Analysis of kinematic waves arising in diverging traffic flow models

Diverging junctions are important network bottlenecks, and a better understanding of diverging traffic dynamics has both theoretical and practical implications. In this paper, we first introduce a continuous multi-commodity kinematic wave model of diverging traffic and then present a new framework for constructing kinematic wave solutions to its Riemann problem with jump initial conditions. In supply-demand space, the solutions on a link consist of an interior state and a stationary state, subject to admissible conditions such that there are no positive and negative kinematic waves on the upstream and downstream links respectively. In addition, the solutions have to satisfy entropy conditions consistent with various discrete diverge models.

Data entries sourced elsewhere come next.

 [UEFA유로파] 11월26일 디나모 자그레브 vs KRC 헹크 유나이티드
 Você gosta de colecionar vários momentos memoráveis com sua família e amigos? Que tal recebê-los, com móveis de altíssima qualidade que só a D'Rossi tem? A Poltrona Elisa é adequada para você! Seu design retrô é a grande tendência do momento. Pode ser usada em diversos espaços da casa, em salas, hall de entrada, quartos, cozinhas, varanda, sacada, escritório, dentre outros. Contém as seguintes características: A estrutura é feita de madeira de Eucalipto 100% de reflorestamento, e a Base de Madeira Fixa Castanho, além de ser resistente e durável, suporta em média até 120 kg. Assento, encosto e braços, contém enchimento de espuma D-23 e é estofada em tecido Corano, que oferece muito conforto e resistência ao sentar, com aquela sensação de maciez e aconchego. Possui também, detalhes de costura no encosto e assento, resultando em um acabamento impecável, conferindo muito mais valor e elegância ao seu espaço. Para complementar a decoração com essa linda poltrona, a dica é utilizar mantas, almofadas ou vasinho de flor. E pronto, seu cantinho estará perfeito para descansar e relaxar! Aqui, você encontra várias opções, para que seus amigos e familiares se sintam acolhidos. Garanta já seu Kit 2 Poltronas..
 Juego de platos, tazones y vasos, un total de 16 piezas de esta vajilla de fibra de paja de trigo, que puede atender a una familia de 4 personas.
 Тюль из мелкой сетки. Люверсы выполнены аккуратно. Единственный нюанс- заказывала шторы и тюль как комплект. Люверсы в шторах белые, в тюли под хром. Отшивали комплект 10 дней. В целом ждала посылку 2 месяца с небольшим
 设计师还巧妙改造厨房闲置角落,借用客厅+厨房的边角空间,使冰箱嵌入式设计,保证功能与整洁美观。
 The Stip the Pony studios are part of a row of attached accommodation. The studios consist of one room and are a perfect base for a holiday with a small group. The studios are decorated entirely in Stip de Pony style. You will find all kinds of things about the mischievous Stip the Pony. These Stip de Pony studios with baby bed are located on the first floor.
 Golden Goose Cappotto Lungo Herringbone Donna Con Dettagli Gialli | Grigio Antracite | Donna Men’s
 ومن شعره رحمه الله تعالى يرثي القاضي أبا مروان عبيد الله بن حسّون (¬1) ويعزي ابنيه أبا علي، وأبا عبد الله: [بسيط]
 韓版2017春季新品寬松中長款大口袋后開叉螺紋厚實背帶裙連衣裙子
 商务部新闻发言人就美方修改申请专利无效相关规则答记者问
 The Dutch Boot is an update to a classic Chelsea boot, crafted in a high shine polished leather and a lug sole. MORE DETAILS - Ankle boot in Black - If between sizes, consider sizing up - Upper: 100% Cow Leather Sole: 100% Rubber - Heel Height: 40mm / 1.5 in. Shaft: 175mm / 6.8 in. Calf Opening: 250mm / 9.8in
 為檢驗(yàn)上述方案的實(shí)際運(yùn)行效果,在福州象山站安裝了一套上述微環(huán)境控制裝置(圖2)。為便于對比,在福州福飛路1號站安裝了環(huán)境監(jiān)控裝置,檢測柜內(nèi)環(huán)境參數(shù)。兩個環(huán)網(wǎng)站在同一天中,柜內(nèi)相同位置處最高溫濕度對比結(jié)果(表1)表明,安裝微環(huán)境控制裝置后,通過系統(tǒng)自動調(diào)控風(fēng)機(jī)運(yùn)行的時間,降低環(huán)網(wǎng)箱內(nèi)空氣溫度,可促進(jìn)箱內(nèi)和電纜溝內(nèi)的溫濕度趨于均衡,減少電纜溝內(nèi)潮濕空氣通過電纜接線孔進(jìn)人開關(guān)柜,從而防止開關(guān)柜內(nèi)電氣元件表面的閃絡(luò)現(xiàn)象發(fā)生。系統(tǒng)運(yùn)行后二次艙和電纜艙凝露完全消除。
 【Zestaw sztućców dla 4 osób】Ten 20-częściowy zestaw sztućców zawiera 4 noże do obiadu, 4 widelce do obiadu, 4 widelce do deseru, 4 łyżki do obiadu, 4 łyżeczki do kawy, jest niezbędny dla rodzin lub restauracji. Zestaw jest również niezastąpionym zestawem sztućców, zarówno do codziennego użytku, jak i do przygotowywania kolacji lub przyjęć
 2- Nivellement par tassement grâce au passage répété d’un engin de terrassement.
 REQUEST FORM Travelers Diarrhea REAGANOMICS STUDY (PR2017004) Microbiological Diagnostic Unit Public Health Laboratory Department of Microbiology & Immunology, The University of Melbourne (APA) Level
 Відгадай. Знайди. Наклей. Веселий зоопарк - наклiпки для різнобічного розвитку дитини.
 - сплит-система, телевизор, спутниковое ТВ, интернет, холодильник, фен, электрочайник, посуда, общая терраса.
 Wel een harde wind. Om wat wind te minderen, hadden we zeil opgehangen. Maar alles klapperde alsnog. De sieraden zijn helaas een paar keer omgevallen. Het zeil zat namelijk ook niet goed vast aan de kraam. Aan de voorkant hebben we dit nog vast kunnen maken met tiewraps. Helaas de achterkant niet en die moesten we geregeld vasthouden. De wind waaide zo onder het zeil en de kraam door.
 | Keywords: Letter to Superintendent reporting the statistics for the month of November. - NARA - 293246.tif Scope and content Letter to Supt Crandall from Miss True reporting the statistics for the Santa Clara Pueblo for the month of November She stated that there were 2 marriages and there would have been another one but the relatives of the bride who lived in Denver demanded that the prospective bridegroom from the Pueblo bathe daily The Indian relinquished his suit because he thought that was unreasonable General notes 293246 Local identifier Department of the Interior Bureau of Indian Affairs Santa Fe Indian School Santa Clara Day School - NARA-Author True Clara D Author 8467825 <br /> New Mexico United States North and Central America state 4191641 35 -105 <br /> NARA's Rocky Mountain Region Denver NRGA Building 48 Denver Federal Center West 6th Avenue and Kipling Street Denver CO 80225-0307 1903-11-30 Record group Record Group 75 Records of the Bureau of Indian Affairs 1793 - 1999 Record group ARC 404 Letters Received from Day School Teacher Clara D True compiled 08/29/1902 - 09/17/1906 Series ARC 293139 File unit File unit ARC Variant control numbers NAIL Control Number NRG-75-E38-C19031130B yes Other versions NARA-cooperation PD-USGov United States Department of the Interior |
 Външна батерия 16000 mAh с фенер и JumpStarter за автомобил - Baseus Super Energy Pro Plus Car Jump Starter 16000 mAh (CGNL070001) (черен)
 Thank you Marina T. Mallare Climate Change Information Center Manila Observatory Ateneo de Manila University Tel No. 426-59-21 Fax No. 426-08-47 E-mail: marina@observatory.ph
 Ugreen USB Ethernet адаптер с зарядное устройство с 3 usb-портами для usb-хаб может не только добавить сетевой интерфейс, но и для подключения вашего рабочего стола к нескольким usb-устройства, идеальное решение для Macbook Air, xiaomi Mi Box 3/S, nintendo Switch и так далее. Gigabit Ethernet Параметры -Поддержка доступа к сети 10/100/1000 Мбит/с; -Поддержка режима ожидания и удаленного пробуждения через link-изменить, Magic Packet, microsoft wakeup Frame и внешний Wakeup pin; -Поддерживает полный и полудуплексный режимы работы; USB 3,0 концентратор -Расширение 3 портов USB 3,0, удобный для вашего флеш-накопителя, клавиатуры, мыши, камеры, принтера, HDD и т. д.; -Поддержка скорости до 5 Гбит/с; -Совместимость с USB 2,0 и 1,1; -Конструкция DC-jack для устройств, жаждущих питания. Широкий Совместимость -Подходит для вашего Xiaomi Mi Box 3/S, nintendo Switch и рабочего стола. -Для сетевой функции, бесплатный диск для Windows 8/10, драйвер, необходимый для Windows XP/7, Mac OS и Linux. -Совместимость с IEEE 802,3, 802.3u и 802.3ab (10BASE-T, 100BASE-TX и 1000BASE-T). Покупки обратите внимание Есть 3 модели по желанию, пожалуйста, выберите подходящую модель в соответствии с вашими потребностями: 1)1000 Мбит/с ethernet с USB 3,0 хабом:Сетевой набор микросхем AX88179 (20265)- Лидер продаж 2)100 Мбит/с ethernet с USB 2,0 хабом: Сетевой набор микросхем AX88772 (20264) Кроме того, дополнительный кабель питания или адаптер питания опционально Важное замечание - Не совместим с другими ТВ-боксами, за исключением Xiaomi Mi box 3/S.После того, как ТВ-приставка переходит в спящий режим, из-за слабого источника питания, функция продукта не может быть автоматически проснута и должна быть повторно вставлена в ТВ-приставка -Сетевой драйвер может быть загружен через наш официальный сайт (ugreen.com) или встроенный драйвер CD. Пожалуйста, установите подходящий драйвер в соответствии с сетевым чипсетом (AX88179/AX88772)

In the proposed analytical framework, kinematic waves on each link can be uniquely determined by the stationary and initial conditions, and we prove that the stationary states and boundary fluxes exist and are unique for the Riemann problem of diverge models when all or partial of vehicles have predefined routes. We show that the two diverge models by Lebacque and Daganzo are asymptotically equivalent. We also prove that the supply-proportional and priority-based diverge models are locally optimal evacuation strategies. With numerical examples, we demonstrate the validity of the analytical solutions of interior states, stationary states, and corresponding kinematic waves. This study presents a unified framework for analyzing traffic dynamics arising in diverging traffic and could be helpful for developing emergency evacuation strategies.